→ **PROBLEM DESCRIPTION**
Without any pictures, retype exactly the lines that begin at the one holding "Gown Fabric : Heavy" and end at the last line of the data below.

→ **DATA SHOWN**
***

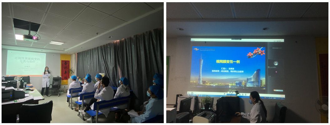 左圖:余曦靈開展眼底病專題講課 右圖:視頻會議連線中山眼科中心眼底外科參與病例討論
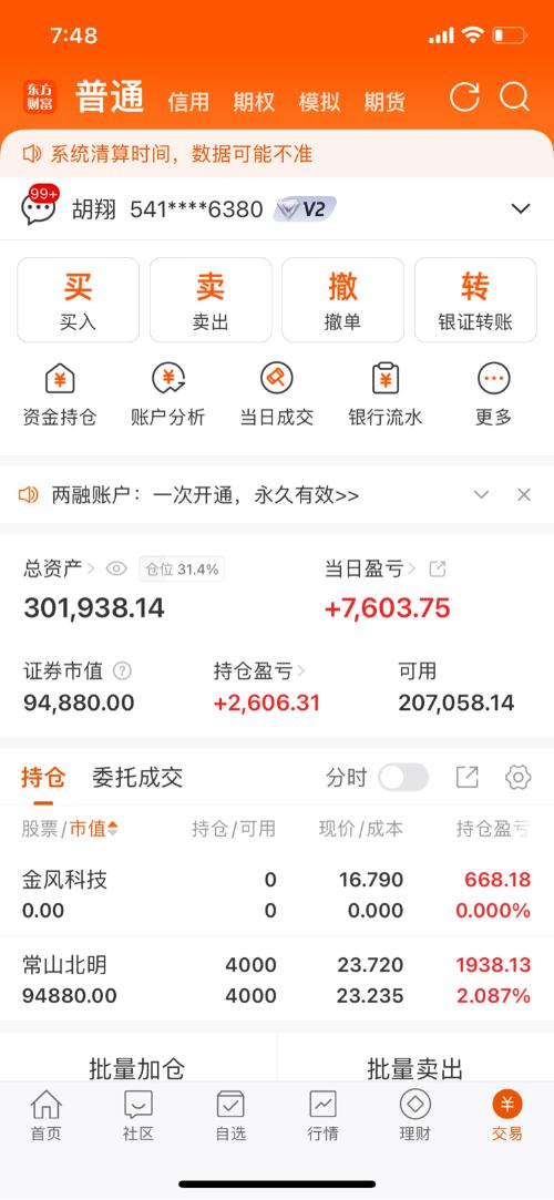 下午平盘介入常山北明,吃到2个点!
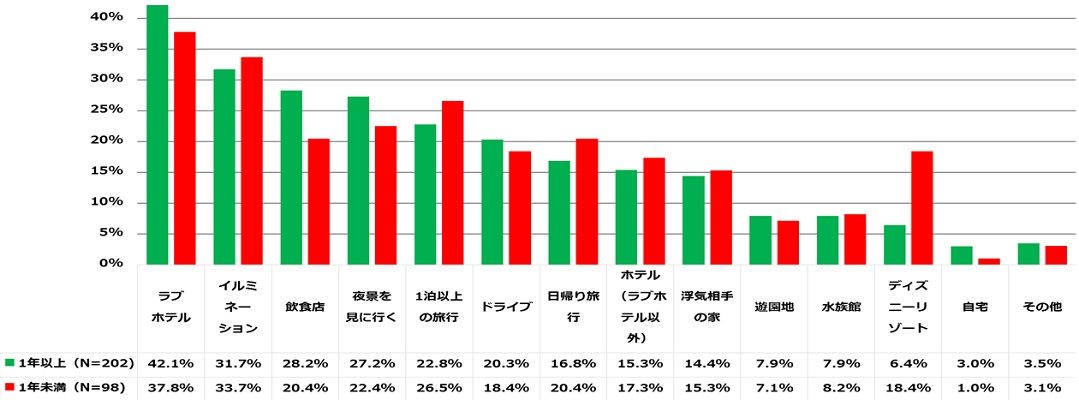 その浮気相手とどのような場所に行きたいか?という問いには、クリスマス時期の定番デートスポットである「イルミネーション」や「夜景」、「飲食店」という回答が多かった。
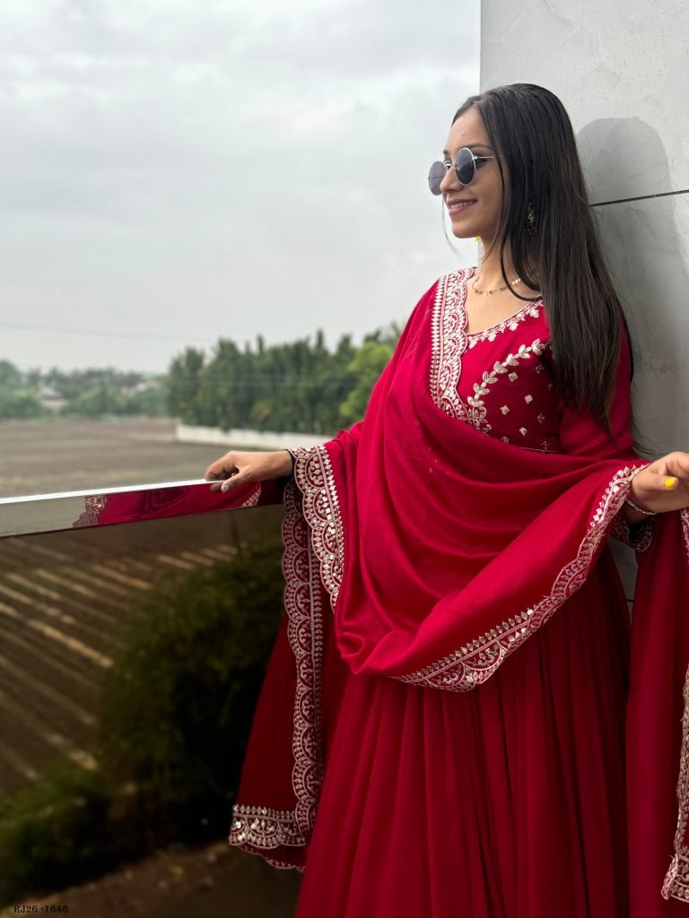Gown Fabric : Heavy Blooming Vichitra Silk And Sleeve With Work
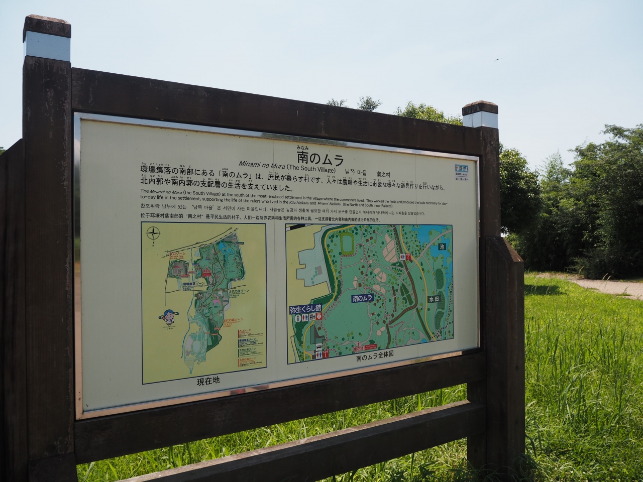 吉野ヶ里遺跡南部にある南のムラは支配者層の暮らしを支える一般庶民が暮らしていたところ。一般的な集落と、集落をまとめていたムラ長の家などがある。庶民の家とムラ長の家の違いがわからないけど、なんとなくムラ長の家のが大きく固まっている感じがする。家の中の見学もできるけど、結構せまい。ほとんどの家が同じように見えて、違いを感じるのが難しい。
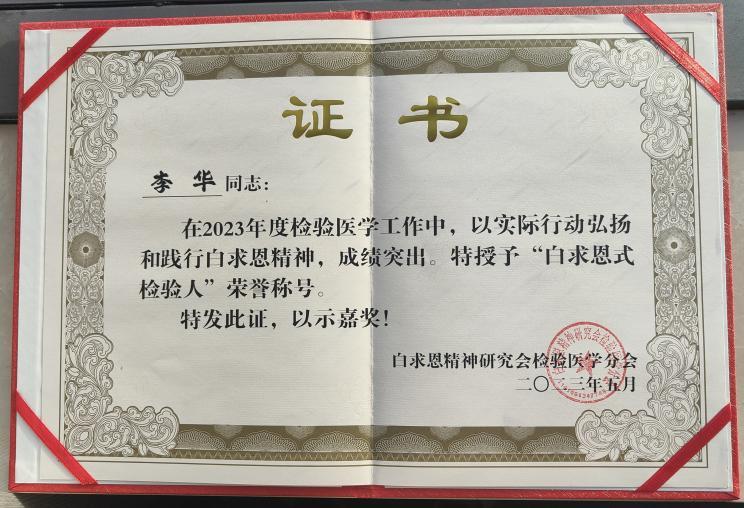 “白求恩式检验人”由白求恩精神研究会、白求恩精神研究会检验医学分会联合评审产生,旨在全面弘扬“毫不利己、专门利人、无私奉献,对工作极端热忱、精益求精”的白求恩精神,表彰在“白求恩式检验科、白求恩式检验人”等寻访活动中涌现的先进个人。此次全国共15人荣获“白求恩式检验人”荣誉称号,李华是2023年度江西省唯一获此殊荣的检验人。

***

→ **WRITTEN SOLUTION**
Gown Fabric : Heavy Blooming Vichitra Silk And Sleeve With Work
 吉野ヶ里遺跡南部にある南のムラは支配者層の暮らしを支える一般庶民が暮らしていたところ。一般的な集落と、集落をまとめていたムラ長の家などがある。庶民の家とムラ長の家の違いがわからないけど、なんとなくムラ長の家のが大きく固まっている感じがする。家の中の見学もできるけど、結構せまい。ほとんどの家が同じように見えて、違いを感じるのが難しい。
 “白求恩式检验人”由白求恩精神研究会、白求恩精神研究会检验医学分会联合评审产生,旨在全面弘扬“毫不利己、专门利人、无私奉献,对工作极端热忱、精益求精”的白求恩精神,表彰在“白求恩式检验科、白求恩式检验人”等寻访活动中涌现的先进个人。此次全国共15人荣获“白求恩式检验人”荣誉称号,李华是2023年度江西省唯一获此殊荣的检验人。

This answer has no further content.